[[ DATASET EXTRACT, beginning ]]

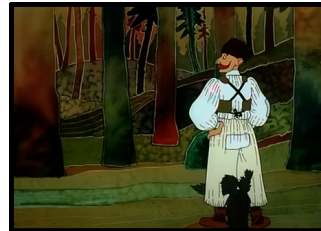
King Cat ( Kacor király )
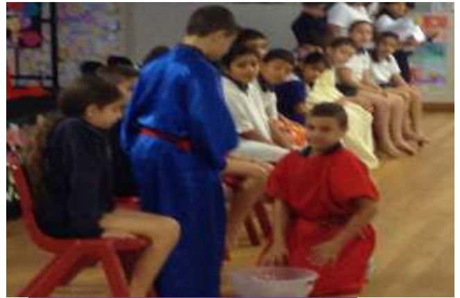
Year 4 – Holy Thursday
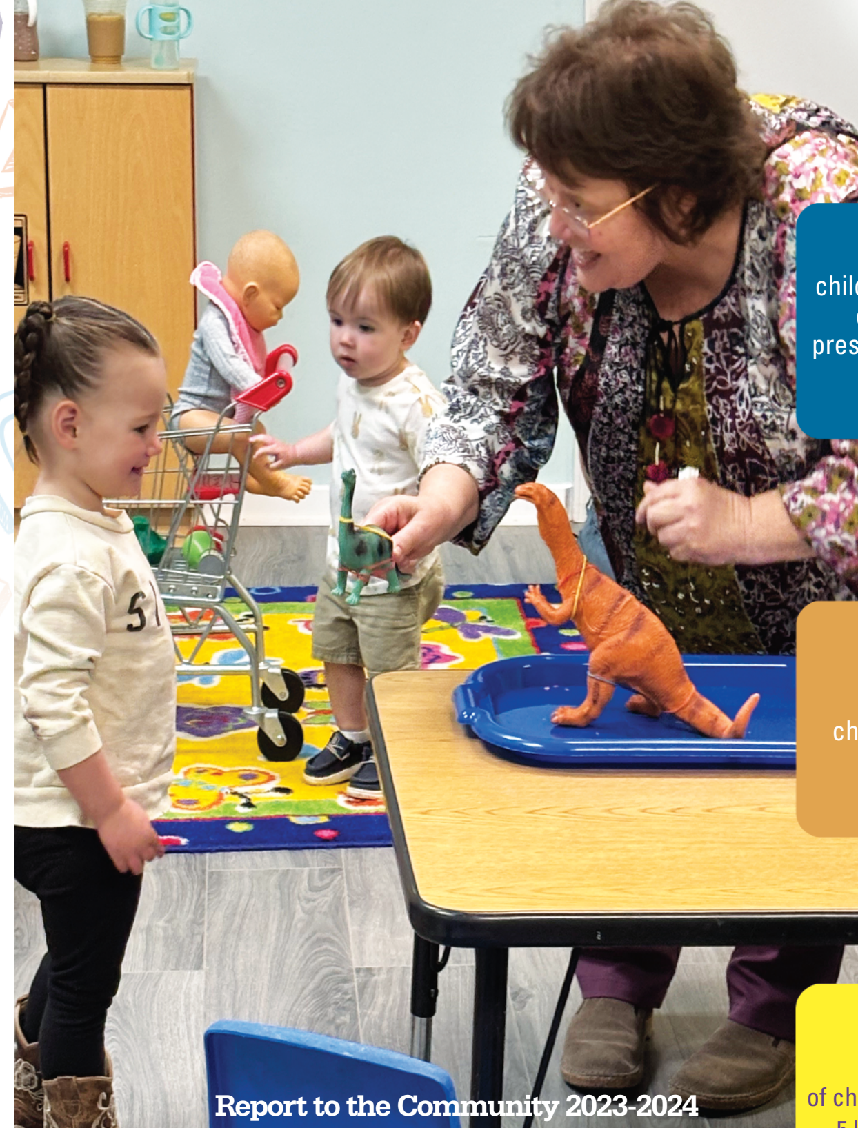
Report to the Community 2023-2024
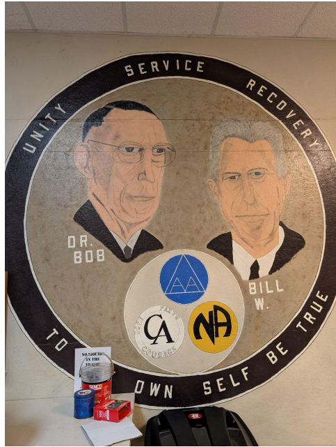
Mural at Defiance Fellowship Club

14 members of Area 55 joined for an outreach trip to Districts 8, 9, and 11. We were able to be present at someone's first ever A.A. meeting to help the group's members carry our life saving message.
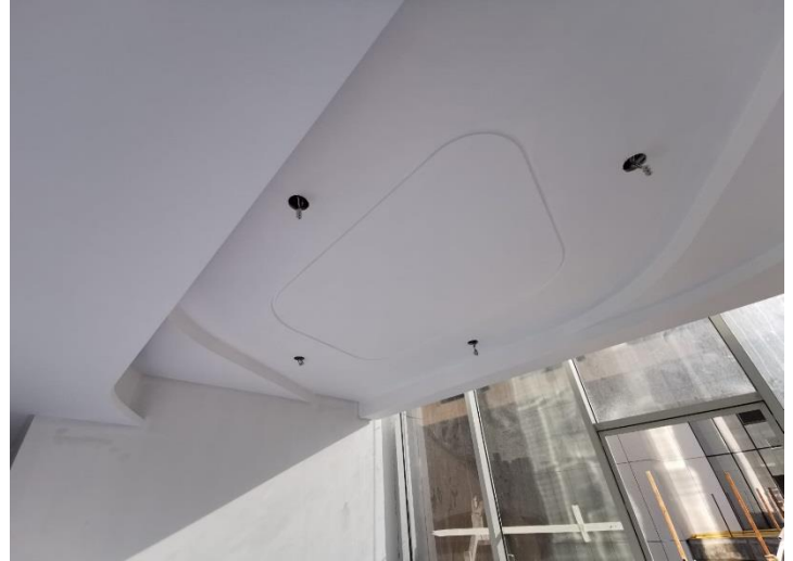
Gypsum Ceiling and Painting Works at Typical Floors
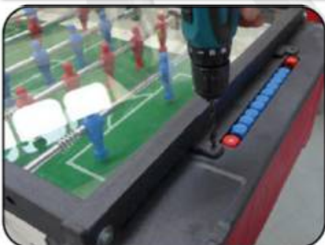
...4 Löcher bohren...Schrauben mit Unterlegscheiben/ Muttern fixieren.
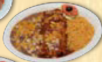
Chile Verde Burrito
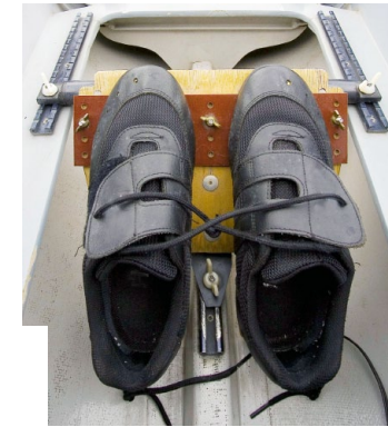
Traditional Rowing Shoes

A version is also under development for smaller boats that will adjust from US size 7-12.
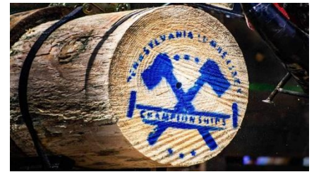
Pennsylvania Lumberjack Championships Large Arena February 3-7
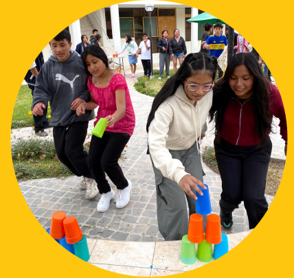
Games and sport at the youth weekend
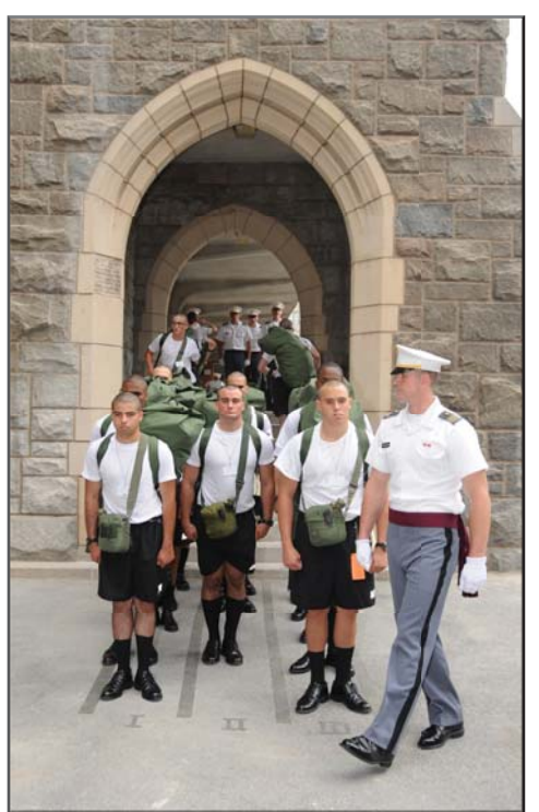
New cadets wait between R-Day stations.

The international cadets are from the countries of Cambodia, Costa Rica, Georgia, Jordan, Korea, Lithuania, Qatar, Rwanda, Thailand, Tunisia, and Zaire. Upon graduation, those cadets will return to their countries as officers in their respective armed forces.
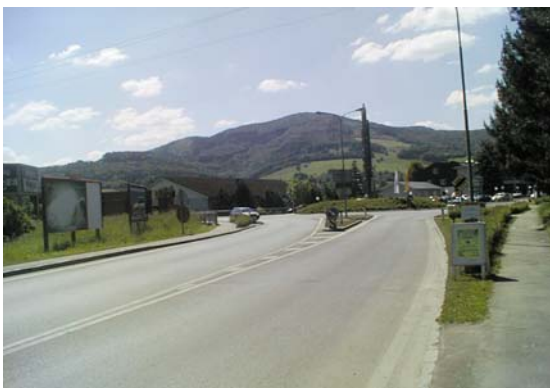
B20 direction Wilhelmsburg
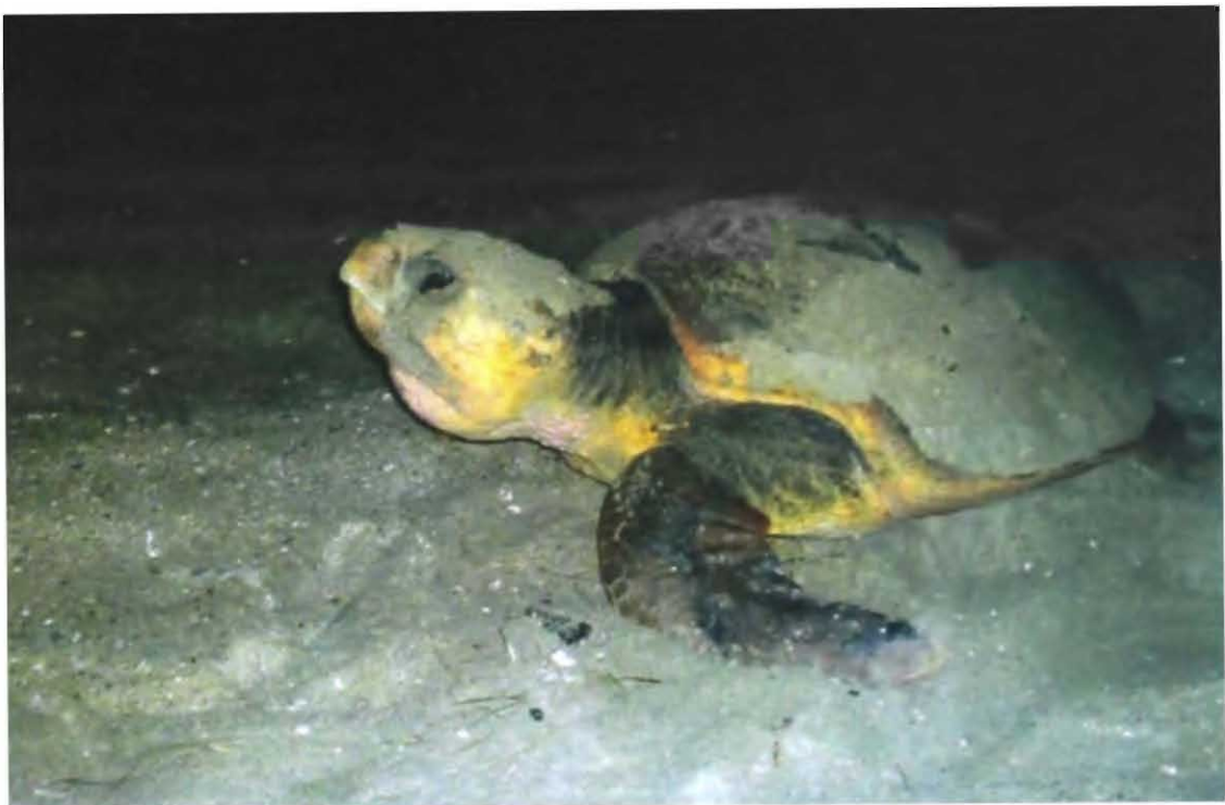
Fig. 4. Loggerhead sea turtle, Caretta caretta .

Distinctive features : The loggerhead is distinguished from other sea turtles by its large, massive head, which gives the turtle its common name, broad, short neck and the complete ossification of the carapace in the adult. The shields of the carapace imbricate only in the young, but in the adult they become smooth and juxtaposed. The large head is armed with very strong hooked jaws, with a median prominent ridge on the upper beak. The head is not retractile. The flippers bear a pair of
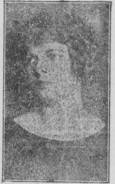
In "Ned McCobb's Daughter," the Sidney Howard drama at the Golden Theatre.
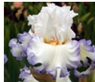
Round of Applause
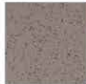
57XA Puntan Gray

A one-of-a-kind slip resisting tile with a Dynamic Coefficient of Friction of
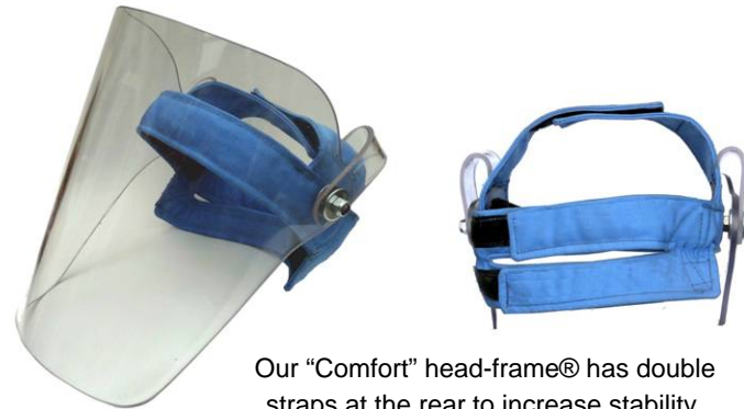
Our "Comfort" head-frame® has double straps at the rear to increase stability.
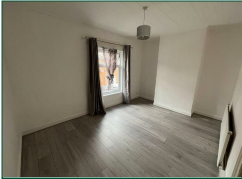
GROUND FLOOR 456 sq. ft. (42.4 sq. m.) approx.
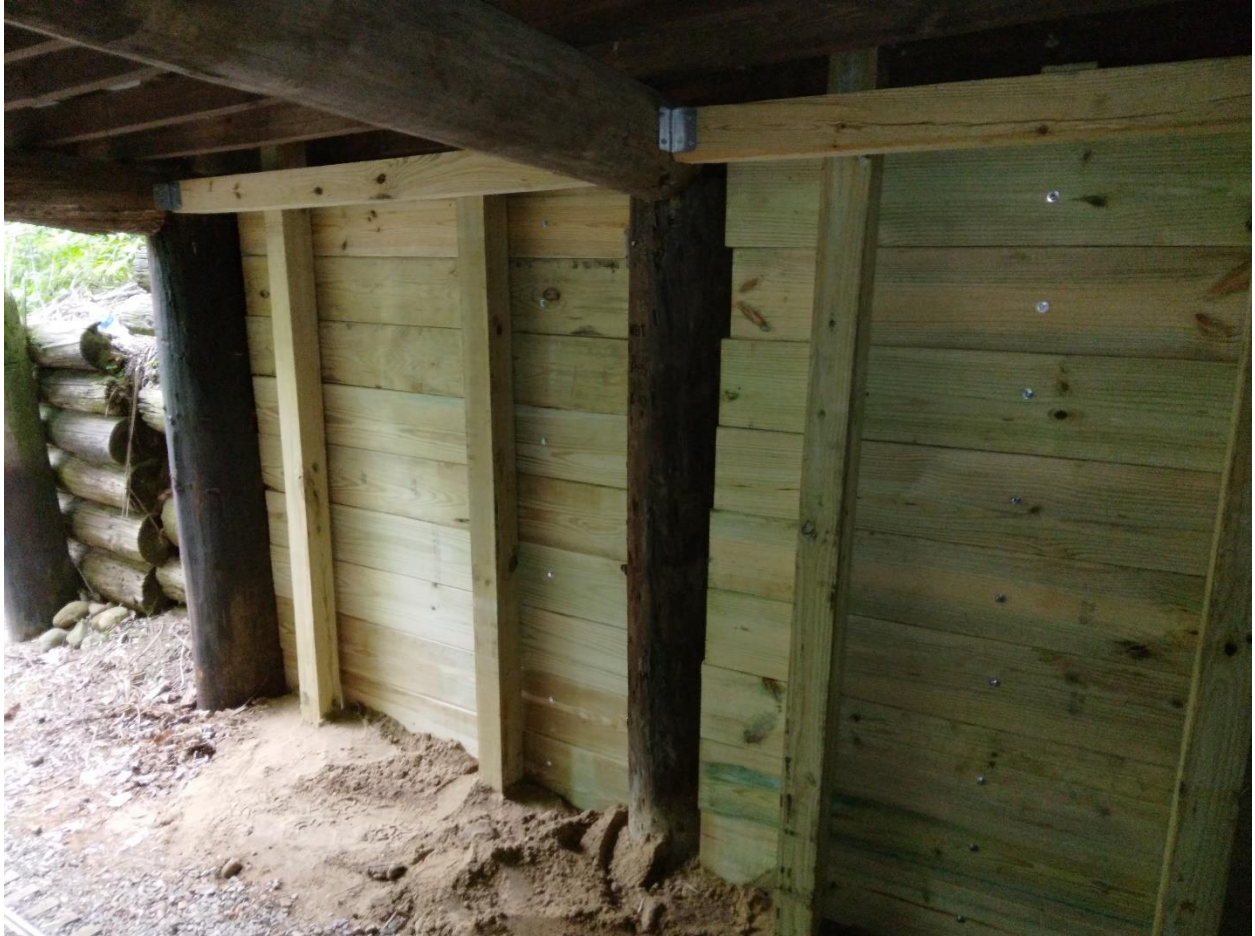
Two new tunnel wall sections.
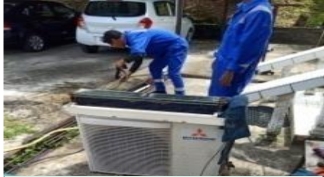
Mohd.HMS Enterprise Provision of Air Conditioning Serving and Maintenance Services for TOTAL Sdn Bhd Awarded: 29th August 2019 Locals: 3
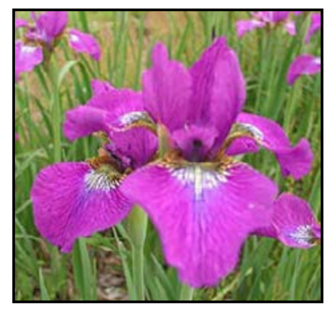
EWEN (McEwen, C.) 32", E. to M., 5 ¼" (T) $12.00

Large, bright wine-red with styles slightly lighter. Wide flaring falls that are a dark winered contrasting with pale yellow and brown blaze. Excellent substance. H.M. Award.
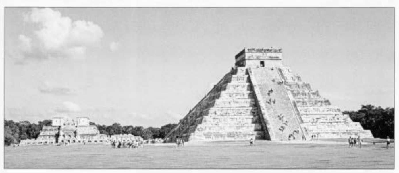
Figure 7 The pyramid of Kukulcán (El Castillo) and in the background the Templo de los Guerreros at the Mayan site of Chichén Itzá, Yucatan, Mexico.
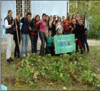
Students and teachers took part in the wild geranium planting

[[ DATASET EXTRACT, end ]]

From the records above, copy only the lines running from the line containing "EWEN (McEwen, C.)" to the line containing "Figure 7 The", both ends included. Leave the pictures out.

EWEN (McEwen, C.) 32", E. to M., 5 ¼" (T) $12.00

Large, bright wine-red with styles slightly lighter. Wide flaring falls that are a dark winered contrasting with pale yellow and brown blaze. Excellent substance. H.M. Award.
Figure 7 The pyramid of Kukulcán (El Castillo) and in the background the Templo de los Guerreros at the Mayan site of Chichén Itzá, Yucatan, Mexico.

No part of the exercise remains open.